* **Your goal**
Lines from the one containing "İzmir'de yaşayan ve" through the final line of the data, restated word for word and free of pictures, make up the whole answer.

----- Material provided -----

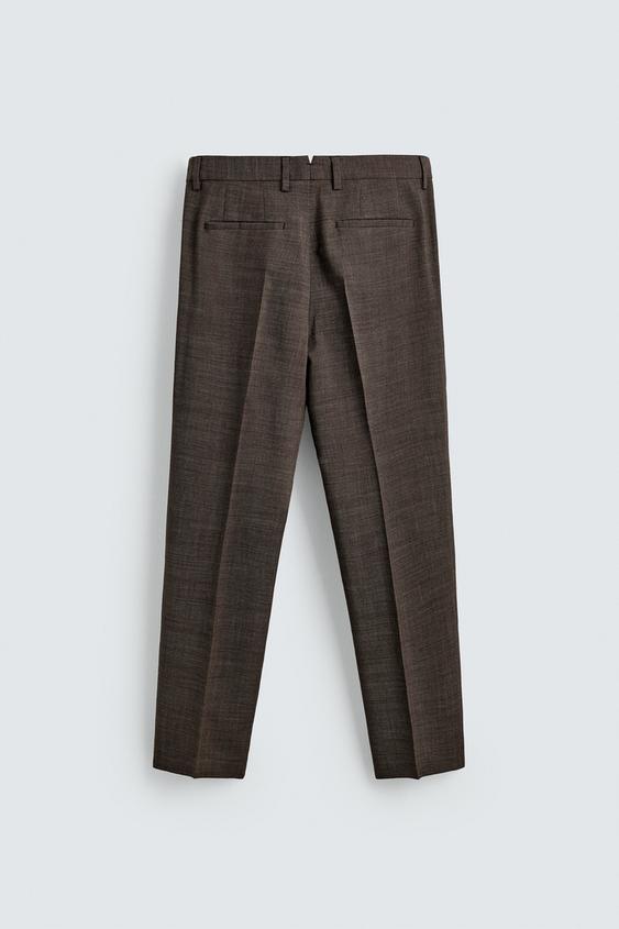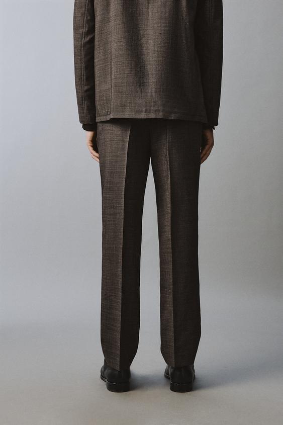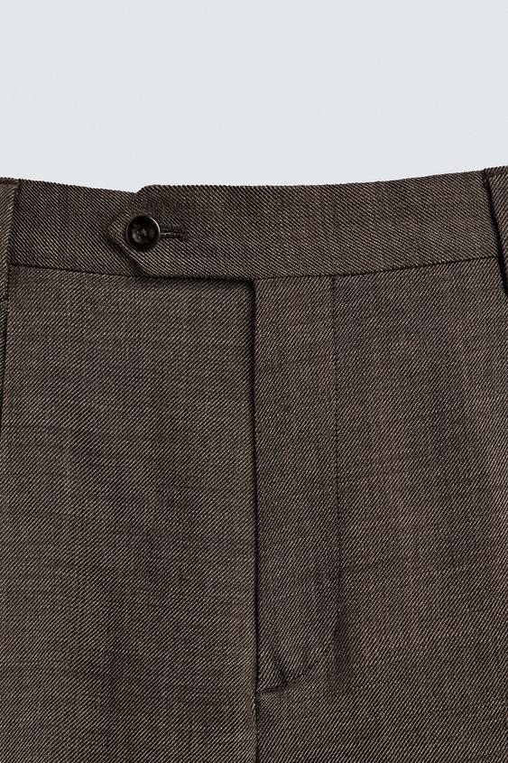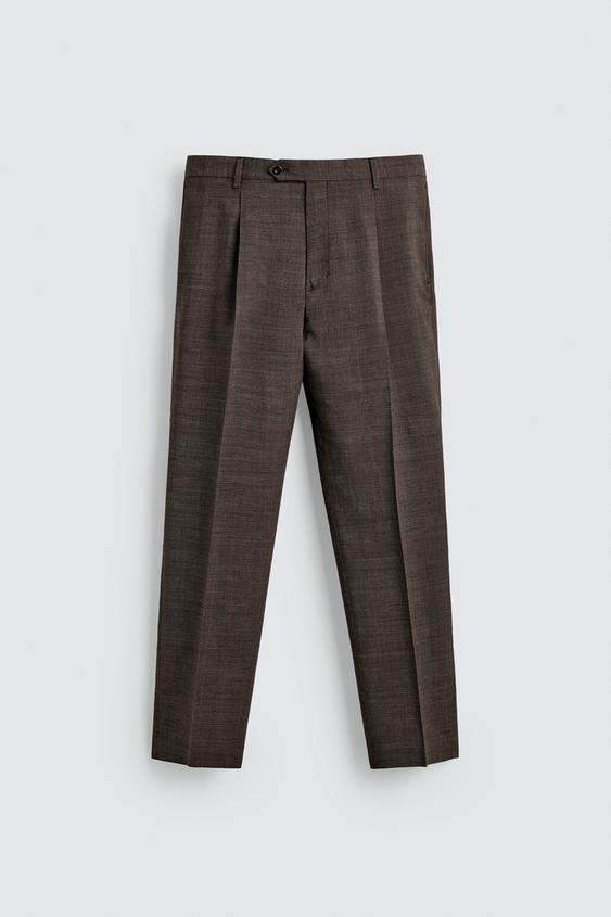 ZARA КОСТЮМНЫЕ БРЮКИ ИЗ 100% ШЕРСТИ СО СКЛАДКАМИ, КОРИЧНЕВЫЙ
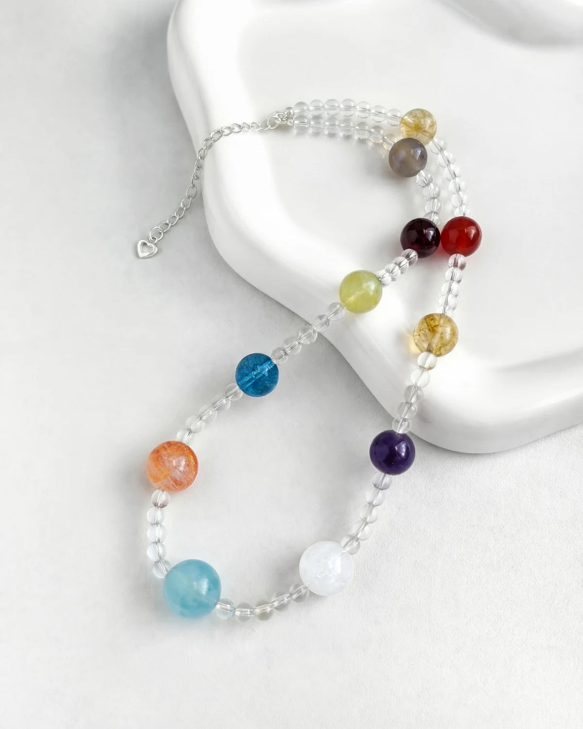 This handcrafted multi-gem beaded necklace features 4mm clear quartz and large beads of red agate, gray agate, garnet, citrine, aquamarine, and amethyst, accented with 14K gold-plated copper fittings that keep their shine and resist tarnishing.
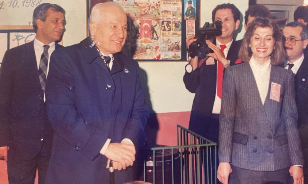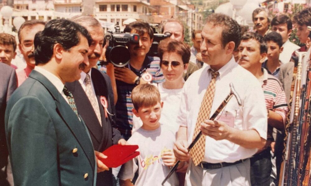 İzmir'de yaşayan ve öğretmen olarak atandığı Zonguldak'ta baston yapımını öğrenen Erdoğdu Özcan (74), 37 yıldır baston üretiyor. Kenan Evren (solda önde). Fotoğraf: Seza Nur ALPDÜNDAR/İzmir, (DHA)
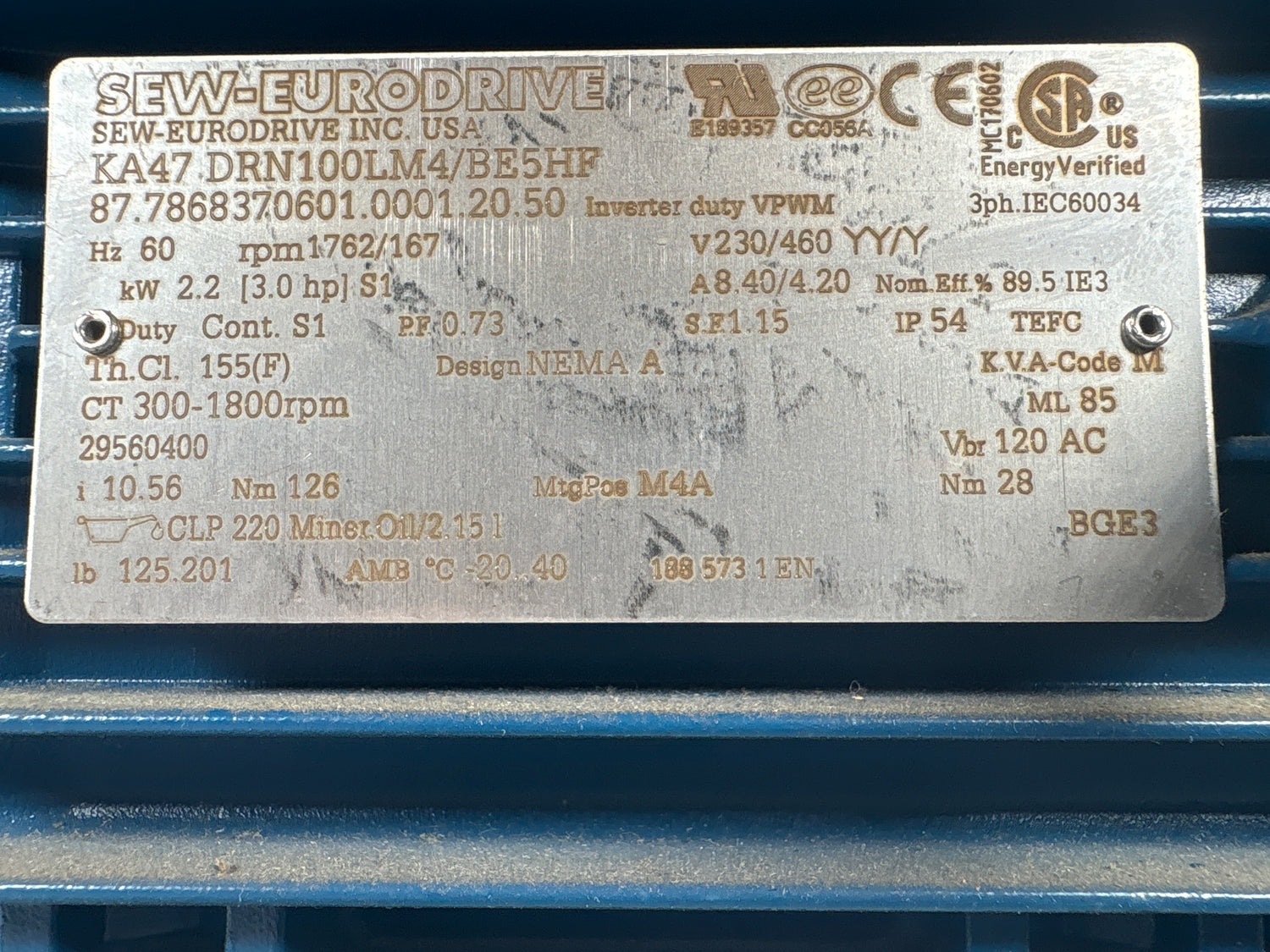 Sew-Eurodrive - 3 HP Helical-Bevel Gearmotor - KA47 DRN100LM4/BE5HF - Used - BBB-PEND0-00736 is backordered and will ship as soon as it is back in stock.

-----

* **Result**
 İzmir'de yaşayan ve öğretmen olarak atandığı Zonguldak'ta baston yapımını öğrenen Erdoğdu Özcan (74), 37 yıldır baston üretiyor. Kenan Evren (solda önde). Fotoğraf: Seza Nur ALPDÜNDAR/İzmir, (DHA)
 Sew-Eurodrive - 3 HP Helical-Bevel Gearmotor - KA47 DRN100LM4/BE5HF - Used - BBB-PEND0-00736 is backordered and will ship as soon as it is back in stock.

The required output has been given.